**PROBLEM TO SOLVE**
Without including any pictures, write out the data below exactly.

[Records drawn from a dataset]

..............................

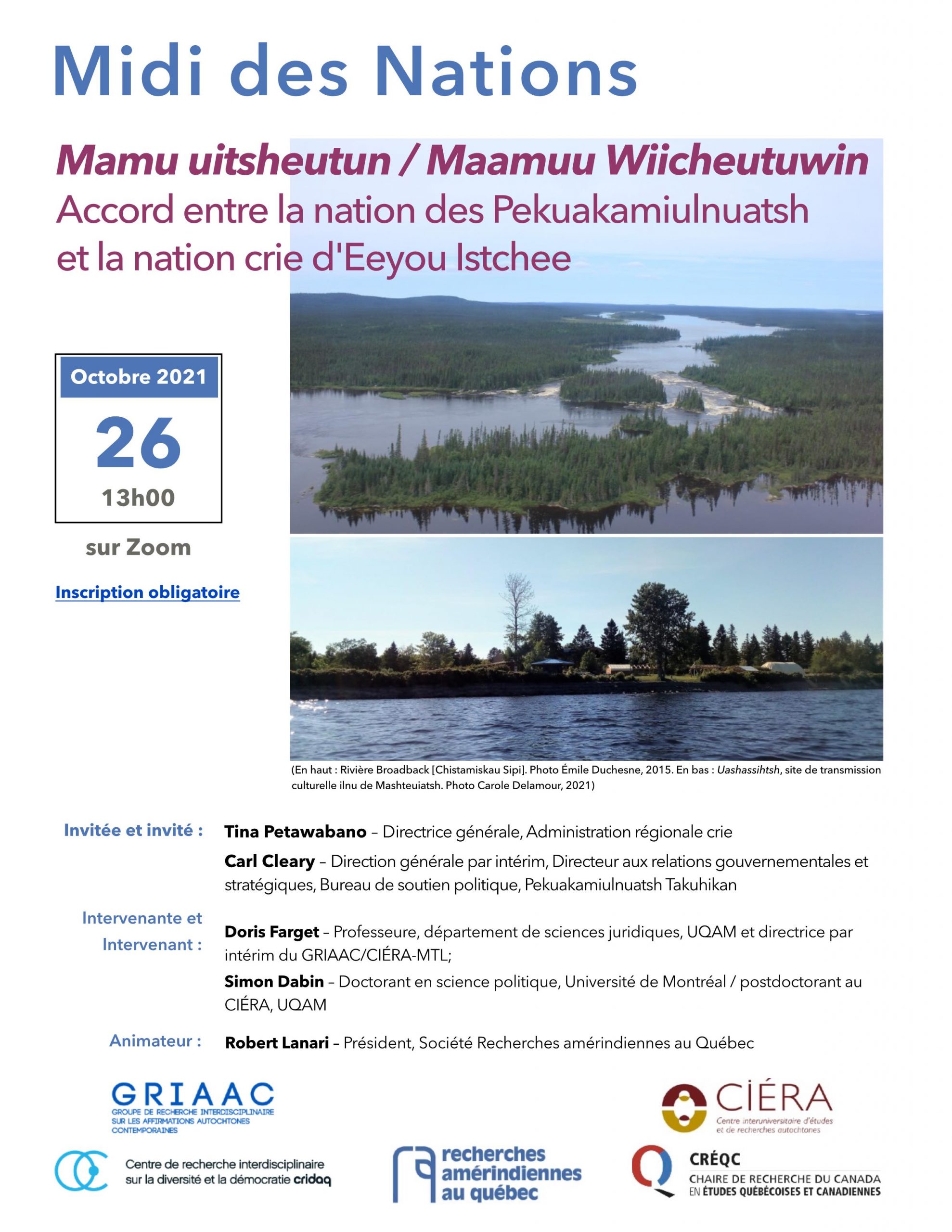 Midi des Nations – Mamu Uitsheutun/Maamuu Wiicheutuwin : Accord entre la nation des Pekuakamiulnuatsh et la nation crie d’Eeyou Istchee
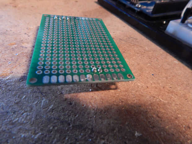 -Mantenerte pins en el mismo lugar y suelde el lado corto de los encabezados de hombres como en la figura 4.
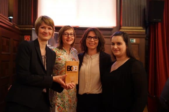Für das VR-Projekt ZEISS IOL UNIVERSE wurde ZEISS zusammen mit der Agentur Publicis Pixelpark ausgezeichnet. Von links nach rechts: Karin Möller (ZEISS), Susanne Mebus (ZEISS), Tanja Berlacher (Publicis Pixelpark), Laura Faber (Publicis Pixelpark) (Bild: Foto: ZEISS)
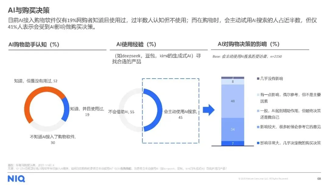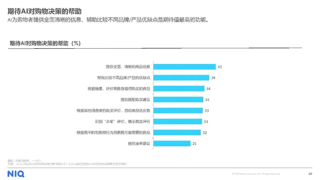 AI 购物助手目前还处于锦上添花的阶段。只有 19% 的网购者知道并且使用过接入购物软件的 AI 功能,52% 的人知道但没有用过。45% 的人会在购物时主动使用 AI 搜索,但只有 41% 表示会受到 AI 的影响做出购买决策。消费者最期待 AI 提供全面清晰的商品信息,其次是帮助比较不同品牌和产品的优缺点。
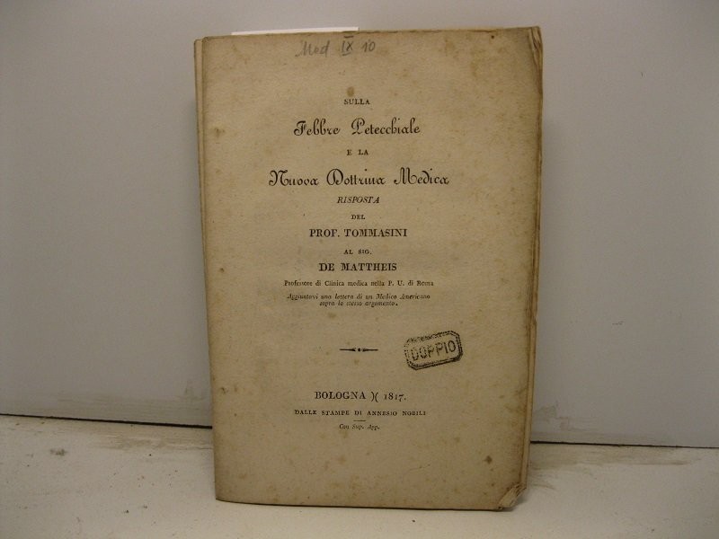 In 16, pp. 55 + (1). Br. rifatta. Studio relativo alla validita' del sistema del salasso nella cura della febbre petecchiale corroborato da alcuni esempi nel trattamento della malattia da parte di eminenti medici. Segue la 'Lettera del Dott. Belb Medico Americano all'Eccelmo. Sig. Prof. Tommasini'. Tommasini (1768-1846), originario di Parma, ricopri' la cattedra di Clinica Medica all'Universita' di Bologna. Sosteneva, nel sistema da lui proposto denominato 'Nuova Dottrina Medica Italiana', che l'infiammazione fosse il principio etiologico alla base di tutte le malattie.
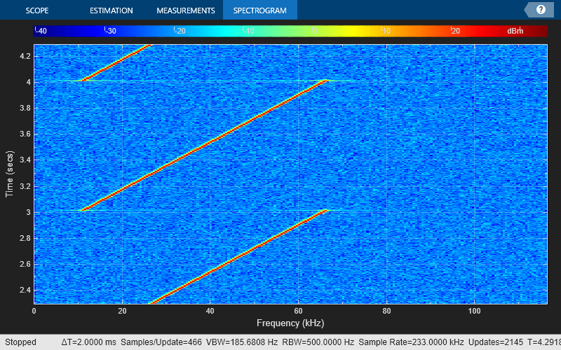 • "spectrogram" — Display the spectrogram of signals. Spectrogram shows the frequency content over time. Each line of the spectrogram is one periodogram. Time scrolls from the top to the bottom of the display. The most recent spectrogram update is at the top of the display.
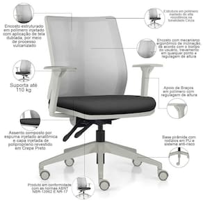 Peso máximo suportado 110 kg, com uso recomendado de 8 horas diária.

..............................

**SOLVED EXERCISE**
 Midi des Nations – Mamu Uitsheutun/Maamuu Wiicheutuwin : Accord entre la nation des Pekuakamiulnuatsh et la nation crie d’Eeyou Istchee
 -Mantenerte pins en el mismo lugar y suelde el lado corto de los encabezados de hombres como en la figura 4.
Für das VR-Projekt ZEISS IOL UNIVERSE wurde ZEISS zusammen mit der Agentur Publicis Pixelpark ausgezeichnet. Von links nach rechts: Karin Möller (ZEISS), Susanne Mebus (ZEISS), Tanja Berlacher (Publicis Pixelpark), Laura Faber (Publicis Pixelpark) (Bild: Foto: ZEISS)
 AI 购物助手目前还处于锦上添花的阶段。只有 19% 的网购者知道并且使用过接入购物软件的 AI 功能,52% 的人知道但没有用过。45% 的人会在购物时主动使用 AI 搜索,但只有 41% 表示会受到 AI 的影响做出购买决策。消费者最期待 AI 提供全面清晰的商品信息,其次是帮助比较不同品牌和产品的优缺点。
 In 16, pp. 55 + (1). Br. rifatta. Studio relativo alla validita' del sistema del salasso nella cura della febbre petecchiale corroborato da alcuni esempi nel trattamento della malattia da parte di eminenti medici. Segue la 'Lettera del Dott. Belb Medico Americano all'Eccelmo. Sig. Prof. Tommasini'. Tommasini (1768-1846), originario di Parma, ricopri' la cattedra di Clinica Medica all'Universita' di Bologna. Sosteneva, nel sistema da lui proposto denominato 'Nuova Dottrina Medica Italiana', che l'infiammazione fosse il principio etiologico alla base di tutte le malattie.
 • "spectrogram" — Display the spectrogram of signals. Spectrogram shows the frequency content over time. Each line of the spectrogram is one periodogram. Time scrolls from the top to the bottom of the display. The most recent spectrogram update is at the top of the display.
 Peso máximo suportado 110 kg, com uso recomendado de 8 horas diária.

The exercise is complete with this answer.